Manga Review for Japanese Learners!
(Sweat and Soap)
by 山田 金鉄 (Kintetsu Yamada)
Author: 山田 金鉄 (Kintetsu Yamada)
Genre: adult, business, romance
Great for: Intermediate Japanese (JLPT N2+) and kanji (No furigana)
English Summary (from Kodansha)
Asako’s living her dream, working at the toiletry maker Lilia Drop. Little do her coworkers know, the reason she loves the company so much is that she’s ashamed of her body odor, and their soap is the only thing that does the trick. So when the company’s lead product developer, a perfuming genius, approaches her in the lobby and wonders what “that smell” is, she’s terrified … but could it be … that he likes it? And, even more surprising to Yae … does she like him?
I had initially avoided あせとせっけん simply because of the cover of the first volume. The main character being pinned against a wall by a guy looks very…bad. My initial thought was that if it wasn’t adult oriented then it at least had assault, which I was not comfortable with.
But friends of mine insisted that it was a really good manga so I decided to give it a try and found it…to be a really good manga! Not only that, but I think it’s a great manga for advanced readers and practicing business Japanese and Japanese used by adults.
Why You Should Read あせとせっけん (Sweat and Soap)
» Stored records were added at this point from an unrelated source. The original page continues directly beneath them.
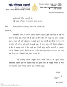 विधायक नीरज शर्मा ने माननीय नितिन गडकारी जी, सडक एंव परिवहन मंत्री भारत सरकार को 14 अप्रैल 2022 को पत्र लिखकर अनुरोध किया है कि फरीदाबाद के बीच में बदरपुर टोल है और इसके बाद दिल्ली मथुरा राष्ट्रीय राजमांर्ग पर तुमसरा टोल है जिसकी दूरी 60 किमी0 से कम है और अब गदपुरी पलवल के पास नया टोल बना दिया गया है जिसको बस चालू करना बाकि है। दिल्ली फरीदाबाद बादरपुर टोल को हटवाया जाए तथा इसके साथ ही गदपुरी पलवल के पास जो नया टोल बनाया गया है उसको चालू ना किया जाए।
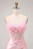 Candy Pink Bodycon Beaded Corset Short Homecoming Dress with Appliques
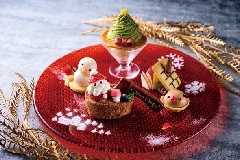 ホテルオークラ京都周辺の街路樹がイルミネーションで彩られ、冬空のもと美しく輝くLEDの光により、幻想的な雰囲気に包まれます。ホリデーシーズンには、館内にクリスマスツリーも登場します。各レストラン、カフェが提供するクリスマスメニューや、テイクアウトのクリスマスケーキ、オードブル、ローストチキン、ローストビーフなども充実しています。
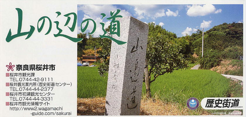 舎道を四季折々の風光を愛でながら辿ります。山辺の道は、正式には北部(奈良〜天理:10km)と南部(天理〜桜井:16km)
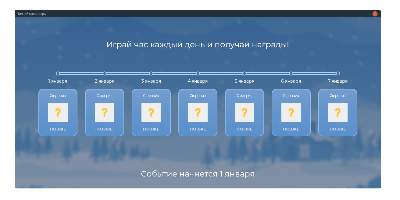 В честь Нового года мы запускаем специальное праздничное событие. Уже с 1 января вас ждут ежедневные награды, достаточно просто проводить на сервере 1 час в день, чтобы получить свой новогодний бонус.
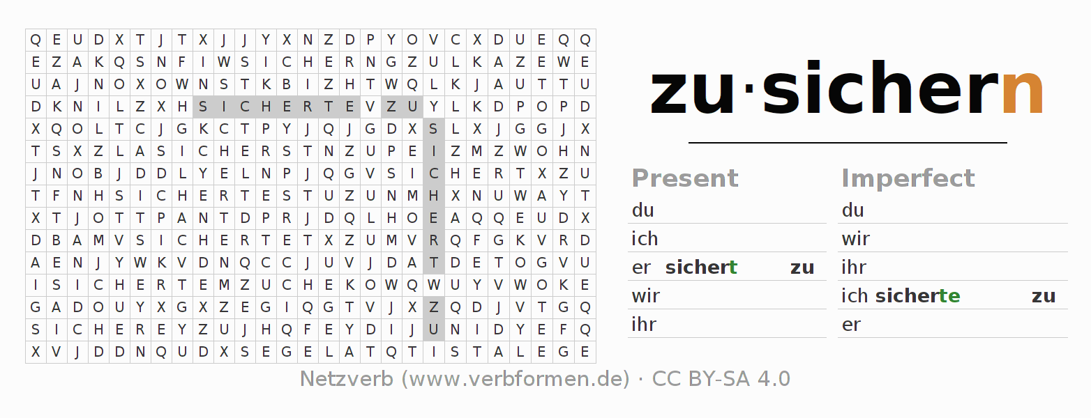 The word search puzzle for zusichern or short word search is used to playfully learn German conjugation. First of all, the individual verb forms of the verb zusichern must be created in order to find them in the letter grid. The reverse way is also possible. If one finds a flected verb in the search word puzzle, it is necessary to find out which verb form can be assigned. For printing and downloading, there is a PDF version or an image. There are also many more worksheets for the verb zusichern. All materials are available as Open Educational Resources (OER) under license CC BY- SA 4.0 and can be used free of charge.

I should say that this manga not for children because of some adult images, but it’s not an adult manga. There’s not really any fan-service, any naked bodies in the manga are portrayed in a very respectful way that makes sense for the story. (No ecchi panty shots for the sake of ecchi panty shots.)
The protagonists Asako Yaeshima and Kotaro Tadori start dating early in the first volume and the whole story is mostly about them learning about each other and how to navigate this new relationship they have. Asako hasn’t had any experience being in a relationship before, and her anxieties about her new boyfriend are compounded by her lack of confidence and self-doubt due to her chronic sweating. And through Kotaro she starts to find value in herself.
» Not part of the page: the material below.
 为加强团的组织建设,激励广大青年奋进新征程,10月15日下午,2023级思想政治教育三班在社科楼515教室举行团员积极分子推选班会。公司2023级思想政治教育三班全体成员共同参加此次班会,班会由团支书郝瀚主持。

Asako also has a tendency (at first) to puts Kotaro on a pedestal and always puts herself down. This is something he’s clearly not comfortable with and I love how he’s patient and kind with her, and tries to help her when she’s sad, and clearly communicates his thoughts and expectations.
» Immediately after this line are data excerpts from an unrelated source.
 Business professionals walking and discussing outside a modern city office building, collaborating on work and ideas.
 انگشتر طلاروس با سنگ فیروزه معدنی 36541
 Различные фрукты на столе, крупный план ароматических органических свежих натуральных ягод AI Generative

I also love how they have a very adult relationship. It’s not “oh my goodness we held hands!” (well, there is a little…) but they actually have sex on the first date! Any embarrassing situations comes up at work because Asako wants to keep their relationship a secret until she’s ready (something Kotaro respects!)
あせとせっけん is about adults in an adult relationship, and I love it!
Why Japanese Learners Should Read あせとせっけん
As this manga is about adults in adult relationships, all conversations are between adults. Asako and Kotaro work in the same company and they were strangers before lovers, so most of their conversations in the first few volumes are in a mix of casual and polite です Japanese.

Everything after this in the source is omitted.